= Data segment =
───

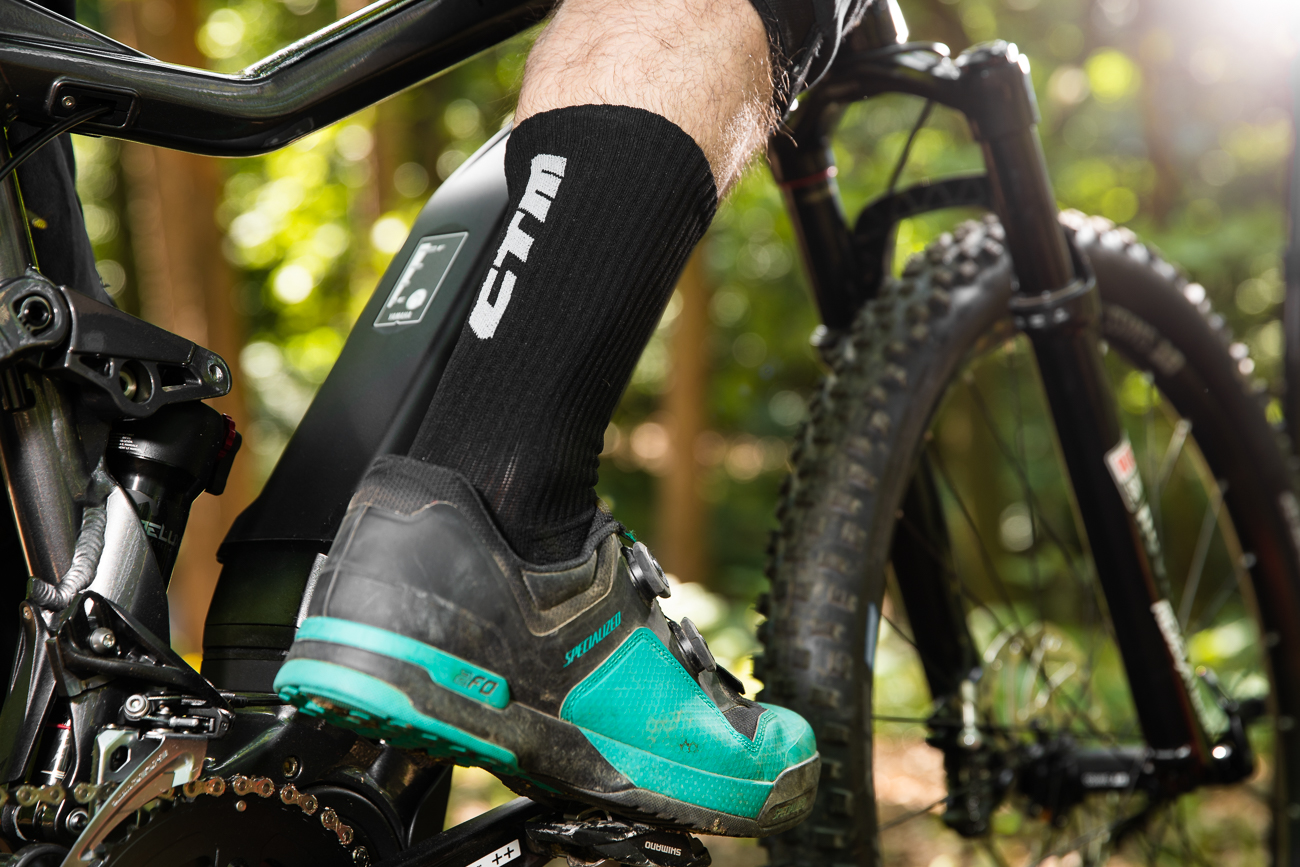 Ich hlavným plusom je však konštrukcia zo 78% funčkného materiálu Coolmax, vďaka ktorej sú na nohe podstatne pohodlnejšie ako iné ponožky od CTM bez nej. Výška je tak akurát enduro-specific (20 označuje výšku v centimetroch) a vďaka čiastočne kompresívnej konštrukcii pri jazde až tak nepadajú.
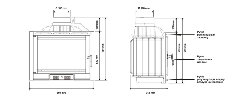 Топка предназначена для обогрева закрытого помещения. Тепло передается через огнеупорное стекло и через литые чугунные части топки. Детали топки изготовлены из чугуна, на топочной дверце размещено огнеупорное стекло.
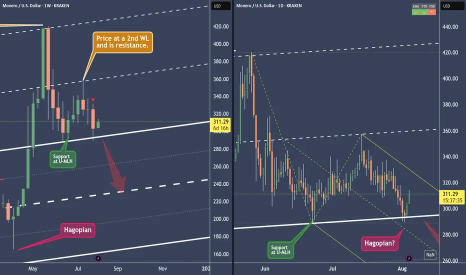 In the last post we see that Monero has the potential to reach the white Centerline at around $240. At least this is the view on the weekly Chart.
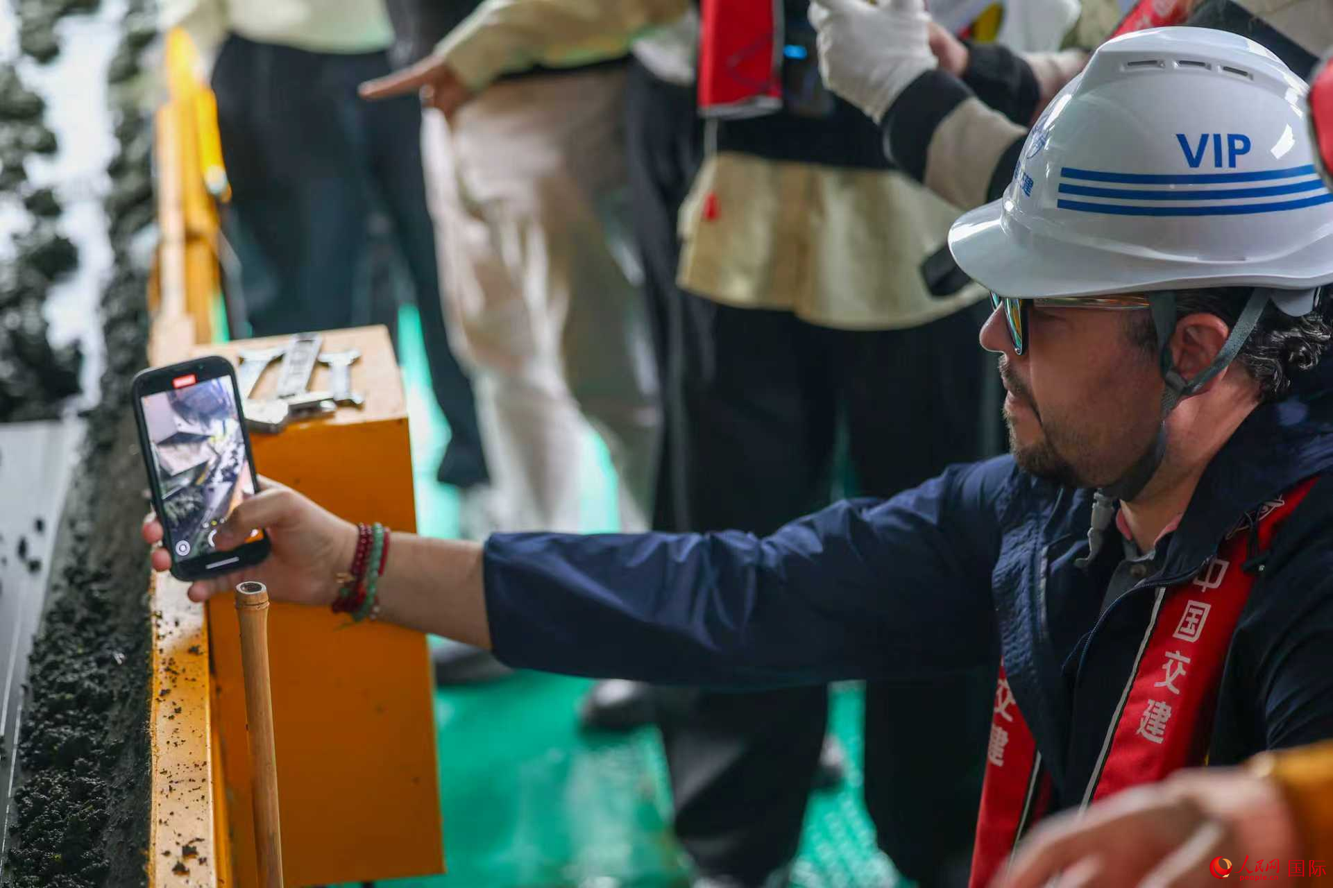 2025“一带一路”媒体合作论坛中外媒体联合采访团在中交集团为滇池量身定制的“藻水共治”一体化平台采访调研。人民网记者 张武军摄

───

= What you will do =
Print the material precisely as given, dropping any images it holds.

= Task answer =
 Ich hlavným plusom je však konštrukcia zo 78% funčkného materiálu Coolmax, vďaka ktorej sú na nohe podstatne pohodlnejšie ako iné ponožky od CTM bez nej. Výška je tak akurát enduro-specific (20 označuje výšku v centimetroch) a vďaka čiastočne kompresívnej konštrukcii pri jazde až tak nepadajú.
 Топка предназначена для обогрева закрытого помещения. Тепло передается через огнеупорное стекло и через литые чугунные части топки. Детали топки изготовлены из чугуна, на топочной дверце размещено огнеупорное стекло.
 In the last post we see that Monero has the potential to reach the white Centerline at around $240. At least this is the view on the weekly Chart.
 2025“一带一路”媒体合作论坛中外媒体联合采访团在中交集团为滇池量身定制的“藻水共治”一体化平台采访调研。人民网记者 张武军摄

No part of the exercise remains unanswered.